Cabazitaxel, a novel taxane that lacks susceptibility to the drug-resistance mechanism seen with previous drugs in the same class, has demonstrated a survival benefit in metastatic castrate-resistant prostate cancer (mCRPC), plus a manageable toxicity profile. It is the first active treatment to receive a European licence for the second-line treatment of mCRPC post-docetaxel. Novel non-chemotherapeutic treatments for this indication are at various stages of development and regulatory status. These new and emerging treatments bring a potential opportunity to extend the lives of patients with mCRPC, and improve quality of life in this setting, but they also raise pertinent questions about the optimal timing and sequencing of their use. Based on my clinical experience with cabazitaxel, first as a phase III trialist, and then as a participant in an expanded-access programme, I believe that the chemotherapeutic option should be offered before non-chemotherapeutic agents, where the patient's performance status allows, so that there is an opportunity to gain the potential benefits of this treatment within the likely therapeutic window. Other second-line/third-line treatments, notably the hormonal agent abiraterone, are likely to remain useful even after a decline in the patient's performance status.

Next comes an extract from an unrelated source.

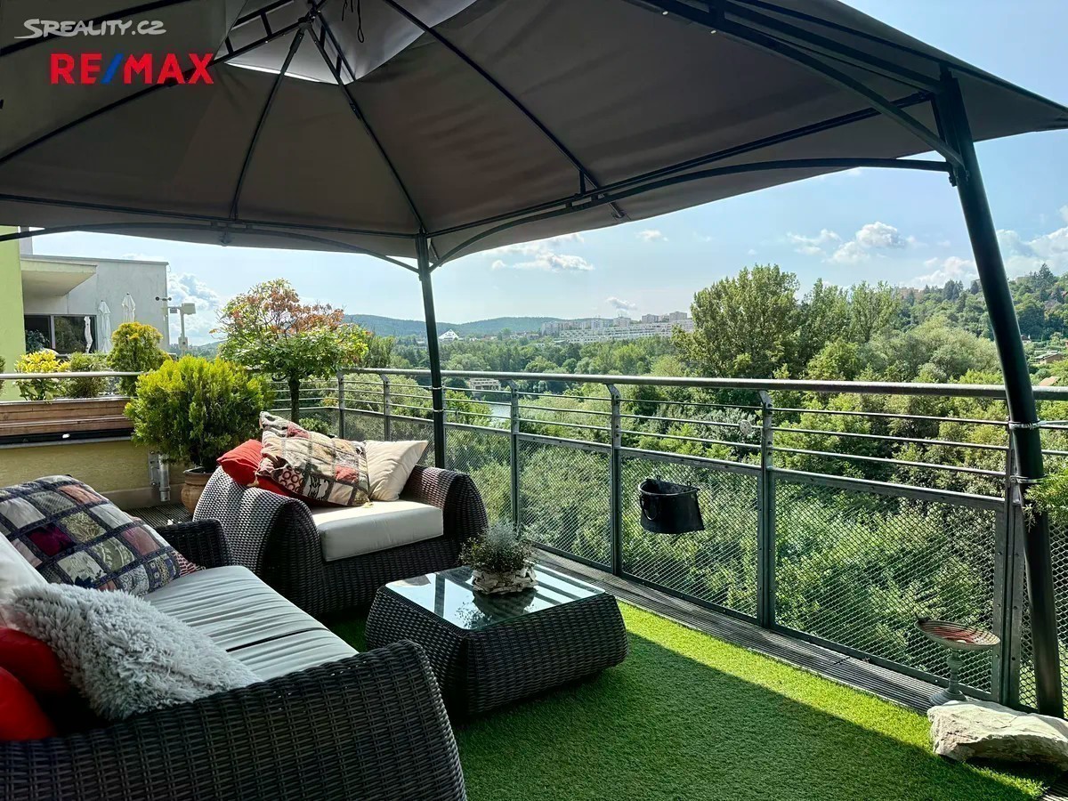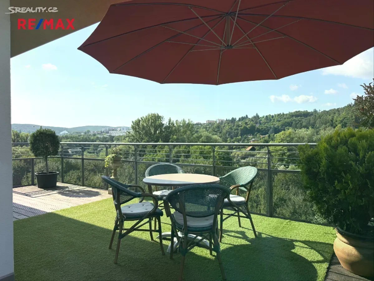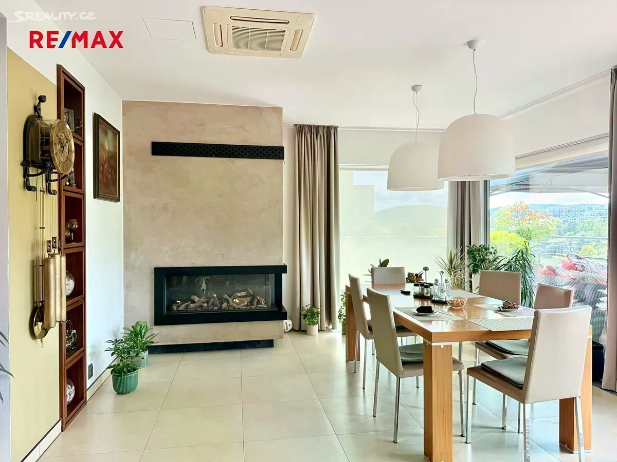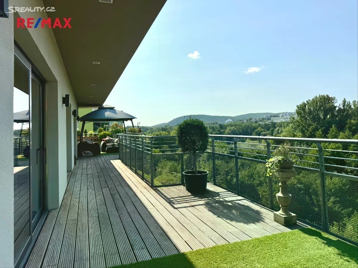 Toužíte po domově, kde se snoubí prostor, klid a blízkost přírody? Hledáte místo, kde si vaše rodina užije naprosté soukromí, kde se ráno nadechnete čerstvého vzduchu na prostorné terase a večer budete sledovat západy slunce nad údolím? Chcete bydlení, které nabídne dostatek prostoru pro každého člena domácnosti a zároveň bude stylovým zázemím pro váš každodenní život? Exkluzivní výhoda: Tento byt 3+kk o velkorysé užitné ploše 147 m² s dechberoucí terasou o ploše 119 m² zabírá celé 3. patro domu, takže žádný soused ani vedle ani nad vámi - jen klid, světlo a maximální soukromí. Výhled z terasy směřuje do údolí i na brněnskou přehradu a stane se vaším každodenním zdrojem inspirace. Dispozice zahrnuje reprezentativní obývací pokoj s jídelní částí a moderním kuchyňským koutem, hlavní ložnici a další pokoj, který může sloužit jako dětský pokoj, pracovna či pokoj pro hosty, a dvě samostatné šatny s dostatkem úložného prostoru pro veškeré oblečení i sezónní vybavení. Z každého pokoje je přímý vstup na terasu, interiér je tak po celý den zalitý přirozeným světlem a propojený s venkovním prostorem. Komfort zajišťuje plynový kotel v kombinaci s podlahovým vytápěním. Atmosféru dotváří plynový krb, který nejen zahřeje, ale také vnese do prostoru pocit útulna. Chodba je po celý den prosvětlena elegantními stropními světlovody. Klimatizace vás osvěží v letních parných dnech a poskytne příjemné teplo v chladnějších obdobích. Vybavení bytu, vestavěné skříně, osvětlení a další komponenty jsou nadstandardní kvality. K bytu náleží dvě samostatné plnohodnotné garáže, každá o ploše 22 m² a další přidělené parkovací stání vycházející z podílu na pozemku. Celý rezidenční areál je zabezpečen vjezdovou závorou - přístup mají výhradně obyvatelé, což zaručuje naprostý klid, soukromí a nulový provoz cizích vozidel. Tento byt není jen místem k bydlení - je to životní prostor pro ty, kteří hledají výjimečnost a odmítají dělat kompromisy. Harmonicky spojuje styl, klid, světlo a promyšlenou dispozici s každodenní praktičností. Je to bydlení, které definuje nadčasový, sebevědomý a exkluzivní životní styl. Zaujalo vás toto exkluzivní bydlení? Kontaktujte nás - rádi pro vás zajistíme soukromou prohlídku, při níž se osobně přesvědčíte o jeho jedinečné atmosféře.
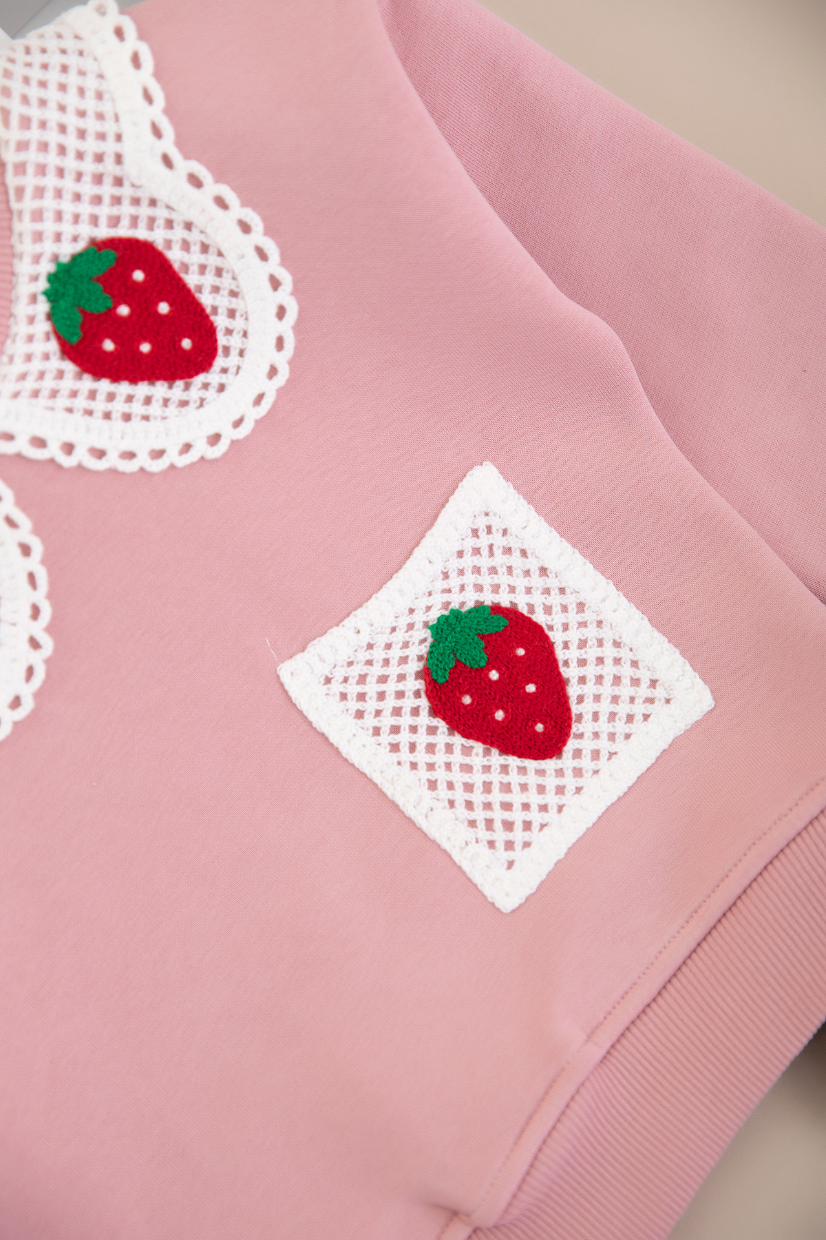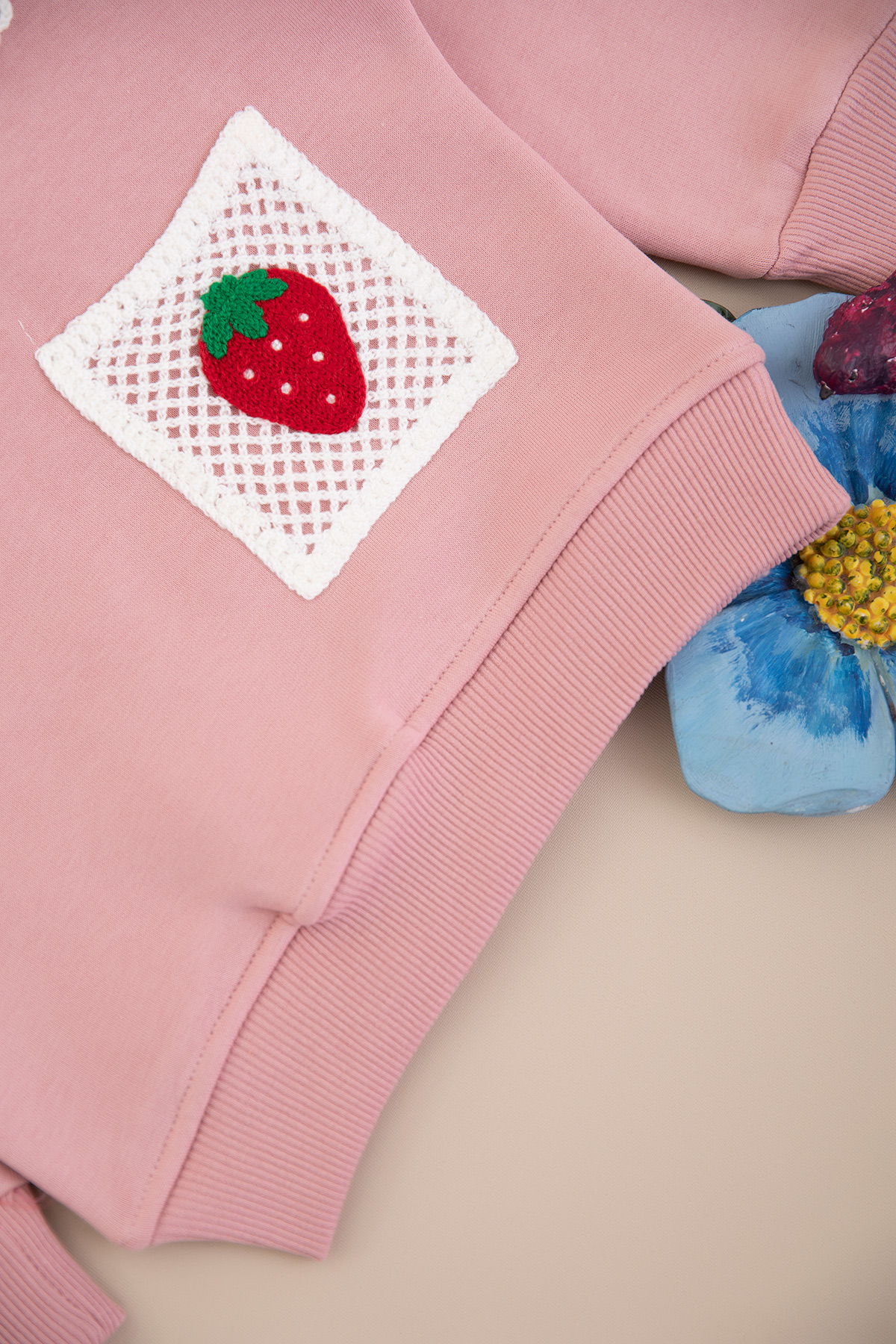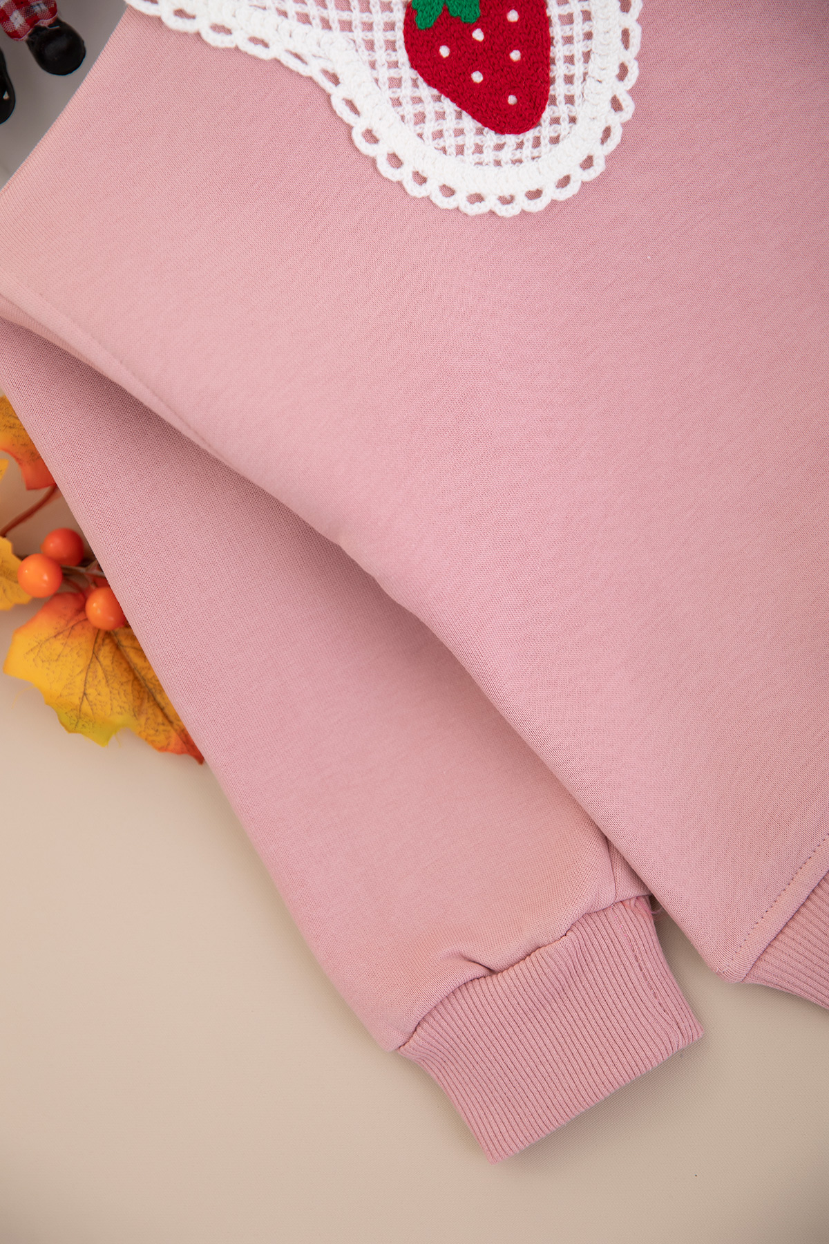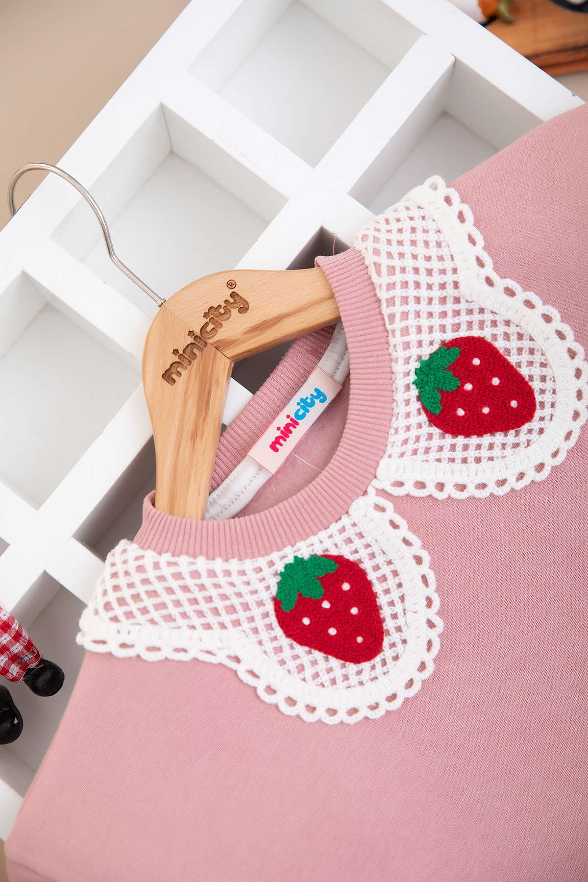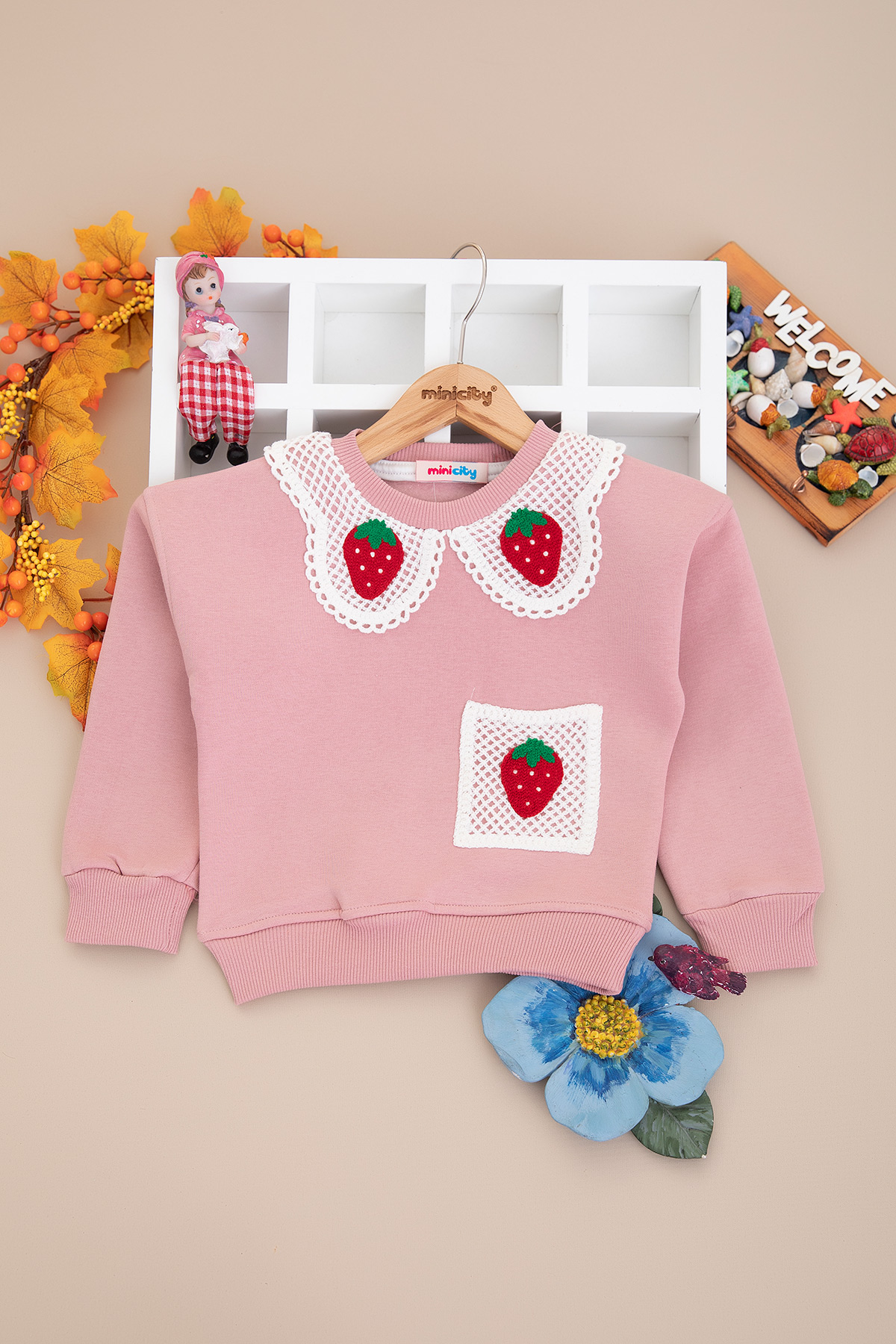Kız Çocuk Çilek Yaka Cep Nakışlı Üçip Sweat - 4058 (8-12 Yaş)

The publication of phase III data on cabazitaxel in the management of metastatic castrate-resistant prostate cancer in men previously treated with docetaxel demonstrated, for the first time, that a survival benefit can be achieved in this patient group. Optimal use of cabazitaxel will depend on appropriate patient selection and on effective management of the side effects, which have been shown to be predictable and preventable/treatable using interventions that are already familiar to chemotherapy clinics.